In order to fully verify the performance of each module in the PA-YOLO algorithm, ablation experiments are conducted on repulsion loss, asymptotic feature pyramid network (AFPN), and convolutional block with EMA mechanism under the same hyperparameters and experimental environments, and the results of the experiments are shown in Table 2.

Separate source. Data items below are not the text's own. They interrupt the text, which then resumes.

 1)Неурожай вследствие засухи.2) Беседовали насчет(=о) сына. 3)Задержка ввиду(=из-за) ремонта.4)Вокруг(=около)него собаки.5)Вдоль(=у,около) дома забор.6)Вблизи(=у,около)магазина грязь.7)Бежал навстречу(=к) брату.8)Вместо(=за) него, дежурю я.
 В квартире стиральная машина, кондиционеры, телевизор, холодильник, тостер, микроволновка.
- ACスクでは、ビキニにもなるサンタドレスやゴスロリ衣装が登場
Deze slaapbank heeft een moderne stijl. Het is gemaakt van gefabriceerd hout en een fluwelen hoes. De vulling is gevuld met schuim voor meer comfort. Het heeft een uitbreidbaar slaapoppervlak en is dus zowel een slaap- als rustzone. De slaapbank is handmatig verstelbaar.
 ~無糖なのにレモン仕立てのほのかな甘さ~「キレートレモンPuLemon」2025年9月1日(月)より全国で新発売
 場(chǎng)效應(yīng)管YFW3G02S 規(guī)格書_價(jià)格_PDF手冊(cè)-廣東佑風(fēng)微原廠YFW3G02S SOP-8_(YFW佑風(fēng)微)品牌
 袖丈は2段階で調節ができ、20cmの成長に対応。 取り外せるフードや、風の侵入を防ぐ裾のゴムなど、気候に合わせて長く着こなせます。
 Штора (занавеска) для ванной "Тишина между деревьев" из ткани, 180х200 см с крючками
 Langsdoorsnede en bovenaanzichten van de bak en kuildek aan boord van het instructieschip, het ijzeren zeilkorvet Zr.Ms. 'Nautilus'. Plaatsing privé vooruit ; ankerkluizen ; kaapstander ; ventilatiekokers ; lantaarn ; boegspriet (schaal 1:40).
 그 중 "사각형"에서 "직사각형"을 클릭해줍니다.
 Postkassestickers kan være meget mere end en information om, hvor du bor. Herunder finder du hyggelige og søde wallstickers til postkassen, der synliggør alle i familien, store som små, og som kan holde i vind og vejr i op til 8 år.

From the experimental results, it can be seen that the mAP value and recall () of each module are improved when the ablation experiments of individual modules are performed, and the mAP value of the fused PA-YOLO is improved by 6.8% compared to YOLOv7, which is a significant improvement over the original model. The experimental results show that replacing the original feature fusion network of YOLOv7 with the asymptotic feature pyramid (AFPN) structure greatly compresses the size of the model while improving the network recall, indicating that the introduction of the new feature fusion network is imperative for improving the network detection accuracy. The addition of the repulsion loss greatly improves the detection accuracy of the occlusion faults, e.g., Figure 11(d). For example, in the middle YOLOv7 detection map, there is a “fracture” defect that is partially obscured by the “plant,” which leads to the omission of the YOLOv7 network, while the “fracture” fault type is successfully detected in the PA-YOLO network. “Meanwhile, the inclusion of repulsion loss is essential to improve the detection accuracy of dense small targets in the dataset. The introduction of convolutional blocks with EMA mechanism can make the network pay better attention to the global features and prevent the network from misdetecting the features outside the PV panels as a certain fault type, which can effectively reduce the misdetection rate of the network [24].

4. Conclusion

To address the challenge of PV panel fault detection, we reconfigure the YOLOv7 network to include an asymptotic feature pyramid network (AFPN) as the backbone for feature fusion. In addition, we propose a novel convolutional block with an attention mechanism, which can be seen from the data derived from the ablation experiments to greatly enhance the network’s attention to global features. The introduction of repulsion loss (RL) plays a key role in improving the detection accuracy of occluded targets and accelerating network convergence. Experimental results show that our model achieves the highest mean average precision (mAP) under consistent experimental conditions, while the model size is significantly reduced. This reduction not only helps to improve detection performance but also facilitates deployment in embedded systems. In the future, we will aim to further compress the model size and continuously optimize it to ensure superior detection accuracy even in distributed PV panel application scenarios.

Data Availability

The data of this study is taken from the field photography of the cooperating enterprises and labeled manually by the researchers of the group. Due to the reason of data nondisclosure, the data of this study cannot be open-sourced, but it can be obtained from the corresponding author upon reasonable request.

Disclosure

This manuscript is an extension of a preprint that has been previously published (Yin Wang, Jingyong Zhao, Yan Yihua, Zhao Zhicheng, and Hu Xiao, 2023/6/27) on Research Square (https://assets.researc-hsquare.com/files/rs-3118568/v1_covered_13f2798f-cf97-449b-a2c5-3544932c1783.pdf?c=1693999504). The current submission includes substantial enhancements, novel findings, and additional analysis.

Conflicts of Interest

All authors of the study have no conflict of interest.

Acknowledgments

This study was supported by the Key R&D Project of Shanxi Province (Project No. 202102020101005), Scientific and Technological Achievement Transformation Guidance Project of Shanxi Province (grant no. 202204021301059), and Key Research and Development Plan of Shanxi Province (grant no. 202202150401007).